Roger James is right that falsification can disprove a hypothesis (14 April, p 22). He is wrong, however, when he concludes that this means that a scientist’s task is to show that no established facts are incompatible with a theory. One cannot prove a negative: before the discovery of black swans, no one could prove that not all swans are white.

As for global warming, all the evidence points to man-made greenhouse gas emissions. The onus is on sceptics to produce counter-evidence; not those who accept the International Panel on Climate Change’s hypothesis.

From John Woods

Roger James advances a somewhat naive view of Popperian philosophy – which is, in any case, hardly the last word in scientific philosophy. He suggests that unless “scientists” can exhaustively disprove an infinitude of increasingly ludicrous alternatives, no hypothesis can ever be accepted.
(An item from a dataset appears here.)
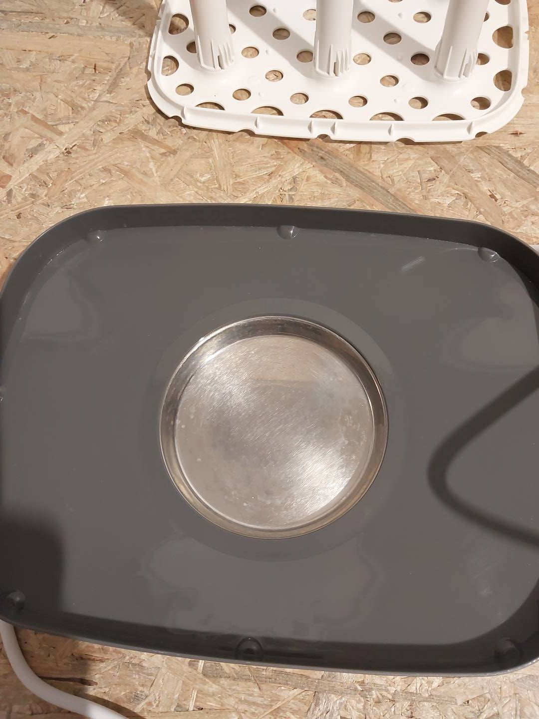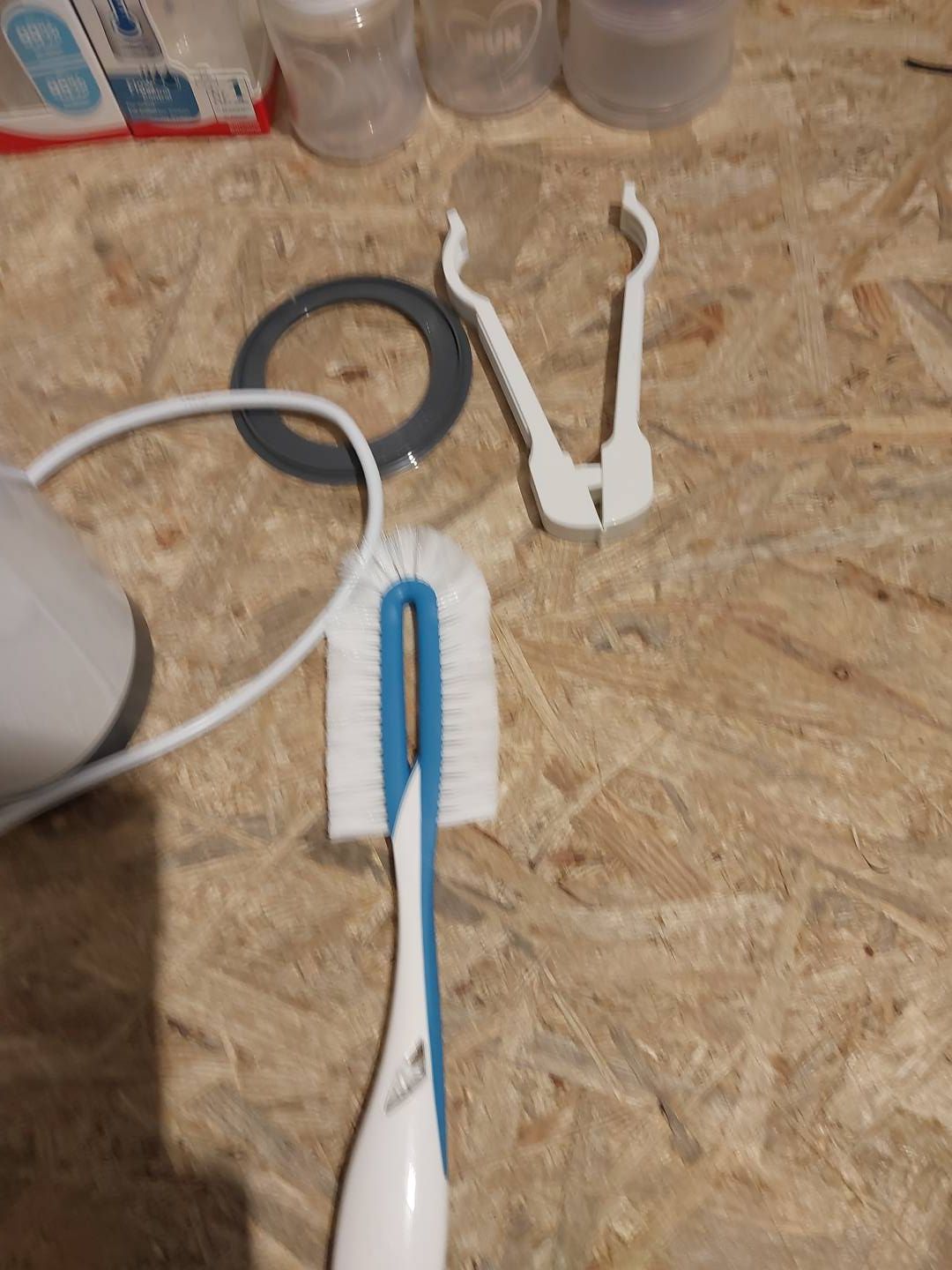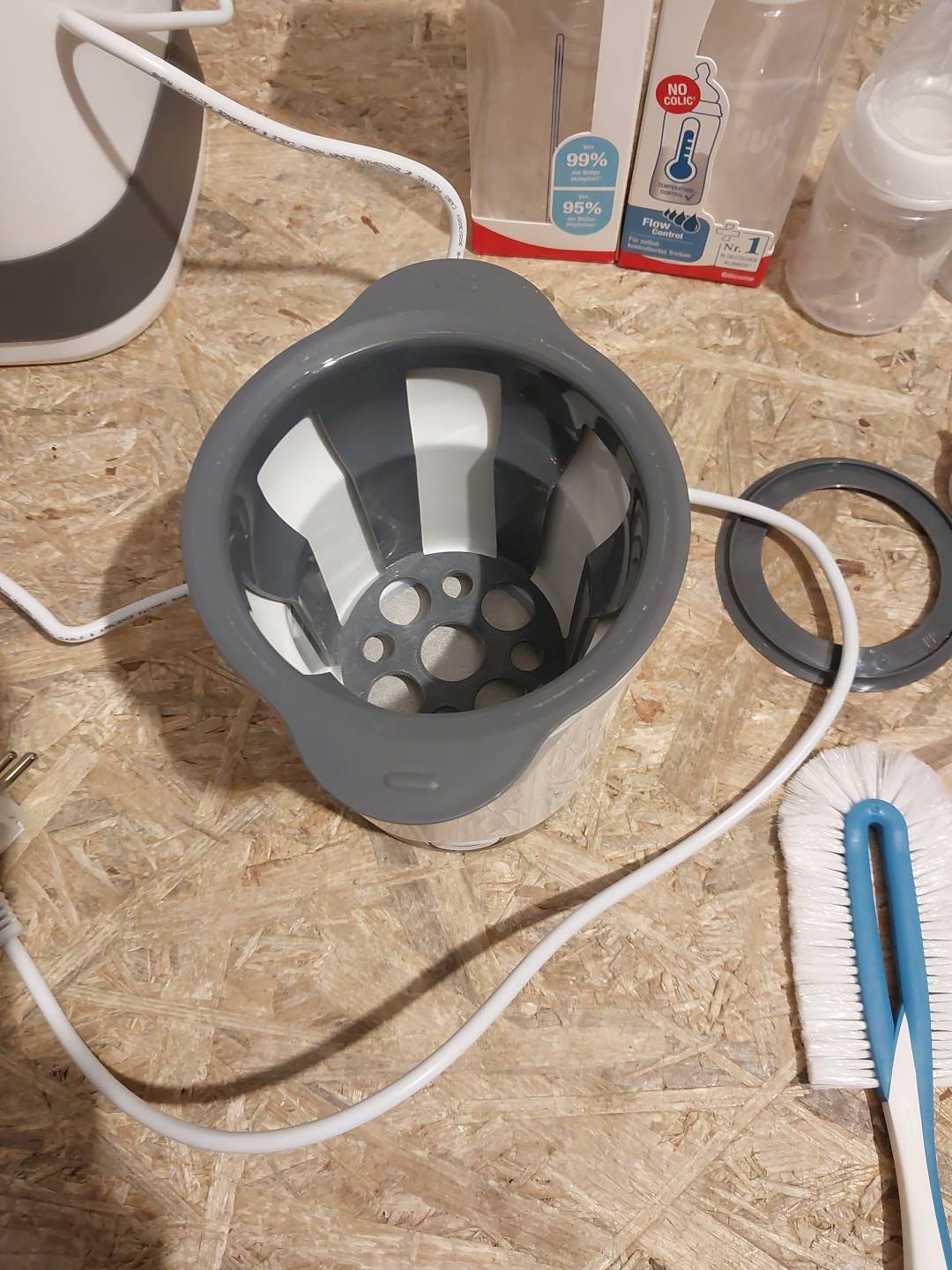 Obrotowa szczotka do butelek ze specjalnym nylonowym włosiem do dokładnego czyszczenia i dozownikiem mleka w proszku składającym się z 3 ustawianych jeden na drugim pojemników.
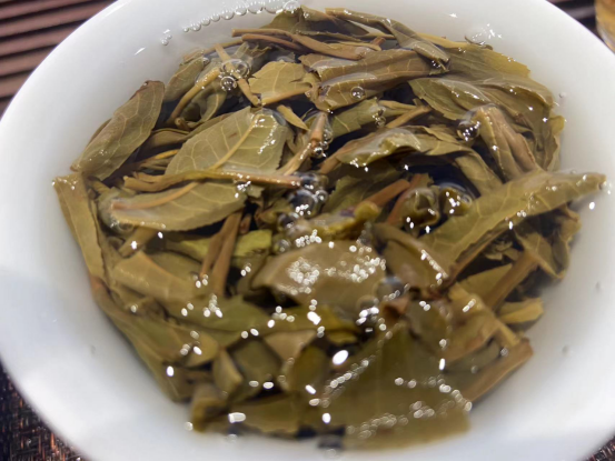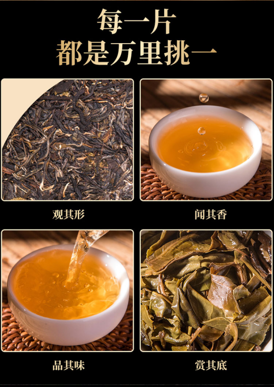 一打开茶饼,茶味弥漫,香气四溢 条索粗壮饱满,色泽油亮,白毫显著。 老班章茶以质重、气强著称! 新茶口感猛烈,回甘也很迅速。 舌底生津明显。

Arguing our inability to categorically prove that we do not all live in The Matrix, for instance, implies that we cannot know anything at all.

It is a rhetorical form beloved of creationists, global warming deniers, 11 September conspiracy theorists and those who believe that the lunar landings were faked. Many of these people refer to themselves as sceptics, but this is a misinterpretation – perhaps a deliberate misappropriation – of the term.

Stratford-upon-Avon, Warwickshire, UK

Power plans

Power generation from coal is a threat to the climate (17 March, p 14). There are, however, abundant supplies of cheap coal which will be used. Storage or sequestration of carbon dioxide is only a partial solution. It is just as important to build combined heat and power (CHP) stations. If a power station is 30 per cent efficient, and 10 per cent is then lost in transmission, only 27 per cent of the coal burned is producing electricity and 73 per cent is wasted.

CHP increases the percentage of energy used to around 80 per cent. New power stations should be built only if they use the “waste” heat, and transmission losses should be minimised by shortening the distance power lines cover. The heat can be used for district domestic heating, or industrial processes, or even to provide refrigeration. The power generation industry claims that gigawatt-sized stations are more economic than smaller ones – but this ignores the increased output in energy from local CHP.

Embrace those trees

Daniel Boyd points out the impracticality of carbon offsets that would demand 625 square kilometres of newly planted trees to offset emissions for a mere 50,000 people (7 April, p 20). An alternative might be to expand the carbon offset market to preserve as well as create forests. Tropical rainforests are being cleared at a terrifying rate leading to habitat loss, extinction of species, carbon emissions through uncontrolled burning and, of course, the removal of future carbon sinks.

If the fashion for carbon offsets could be diverted into buying, preserving and perhaps even expanding forests at risk, then we might begin to address more than one desperately urgent problem at the same time.